Uma desceu do ônibus de retirada aos prantos. A outra tinha lágrimas nos olhos, mas também uma expressão de alívio. Svitlana Tytova e Tetiana Verjykovska chegaram da cidade de Berdiansk, ocupada pelos russos na costa do mar Negro.

A alegria que Svitlana Tytova sentiu ao chegar às terras controladas pelo governo ucraniano trouxe-lhe, imediatamente, memórias dolorosas do que viveu nos últimos meses.

“Fugimos, porque oito homens armados com rifles automáticos entraram em nossa casa”, conta esta jornalista de 52 anos, enquanto abraçava sua neta.
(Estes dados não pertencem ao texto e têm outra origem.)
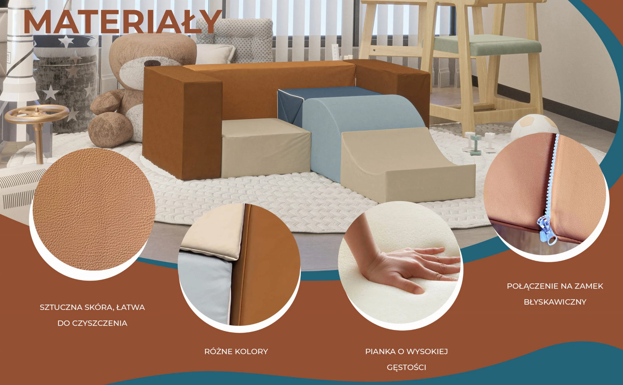 Odkryj Sofa z piankowych bloków dla dziecka, która jest idealnym połączeniem mebla do odpoczynku i nieograniczonego placu zabaw! Nasza modułowa kanapa została zaprojektowana, aby wspierać kreatywność, rozwój motoryczny i samodzielną zabawę Twojego malucha. To nie tylko sofa, ale wielofunkcyjny zestaw klocków, z których można budować twierdze, domki, zjeżdżalnie i wiele więcej!

A alguns metros dela, Tetiana Verjykovska sorri. “Isto é liberdade!”, disse esta coreógrafa de 29 anos.

Já Tetiana Chekoy não tem tanta certeza. A psiquiatra de 45 anos atendeu milhares de ucranianos deslocados pelos primeiros combates em 2014 com os separatistas apoiados pela Rússia no leste da Ucrânia.

Segundo ela, as táticas russas desde sua invasão da Ucrânia no final de fevereiro misturam intimidação psicológica e lavagem cerebral.
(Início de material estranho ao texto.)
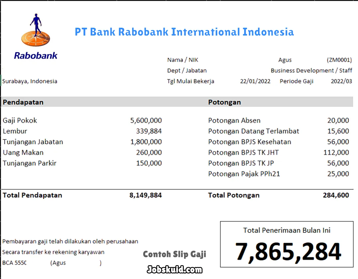Gambar di atas adalah contoh slip gaji PT Bank Rabobank International Indonesia. Slip gaji tersebut memuat informasi seperti gaji pokok, gaji lembur, bonus, tunjangan, potongan, dan total gaji.

“Cada uma destas pessoas tem transtornos de estresse pós-traumático”, disse Chekoy.

– “Marcados psicologicamente” –

Chekoy e sua colega psiquiatra Ulyana Ilman apresentam um panorama das táticas psicológicas que o Kremlin parece estar usando para fazer os ucranianos aceitarem ser russos.

Ela conta a história de uma mulher da cidade de Vasylyvka, na região ocupada de Zaporizhzhia, que a marcou. “Os russos mandaram-na dar aulas(depois da anexação), porque era muito respeitada, e isto poderia fazer os estudantes voltarem às aulas”, conta.

A mulher “teve que dar aulas com um canhão apontado para a escola”, lembrou, acrescentando que as lições sobre a guerra deveriam seguir as diretrizes do Kremlin.

Segundo Chekoy, a escola foi decorada com bandeiras, nas quais estavam inscritos gritos de guerra dos soviéticos durante a Segunda Guerra Mundial. O Kremlin classifica autoridades ucranianas como nazistas e justifica sua invasão da Ucrânia como necessária para “salvar” a população russófona de um “genocídio”.

A mulher relata ainda que “os russos bloquearam todas as emissoras de televisão (ucranianas) e passaram a transmitir as suas”.

“Meus amigos me contaram que pessoas submetidas a isto por duas a três semanas mudaram sua forma de pensar”, disse. Os métodos russos de doutrinação “estão funcionando”, acrescenta.

– Famintos e “desorientados” –

Segundo as duas psiquiatras, a escassez crônica de produtos básicos e de alimentos ajudou a desgastar a resistência das pessoas.

“Há um plano de ação bem estabelecido”, disse Chekoy. “Primeiro destroem moralmente uma pessoa. E depois começam a doutrinar”.

Ambas as psiquiatras concordam em que muitas pessoas que escaparam das zonas ocupadas, em particular as crianças, pareciam famintas. As duas enfatizam o importante papel da escassez de alimentos neste país traumatizado pela fome nas décadas de 1930 e 1940, durante a época soviética.

Ilman disse que “viu crianças atacarem os alimentos” quando chegaram aos territórios controlados por Kiev.

“Algumas crianças não conseguiam parar de comer: comiam e corriam para o banho e logo voltavam e comiam de novo”, lembra Chekoy.

O que mais preocupa a ambas as mulheres são, no entanto, as marcas psicológicas.

“Muitos chegam desorientados. Fazemos perguntas, mas eles não as entendem bem”, explica.

“Alguns choram e riem ao mesmo tempo. São sinais de histeria, de estresse”.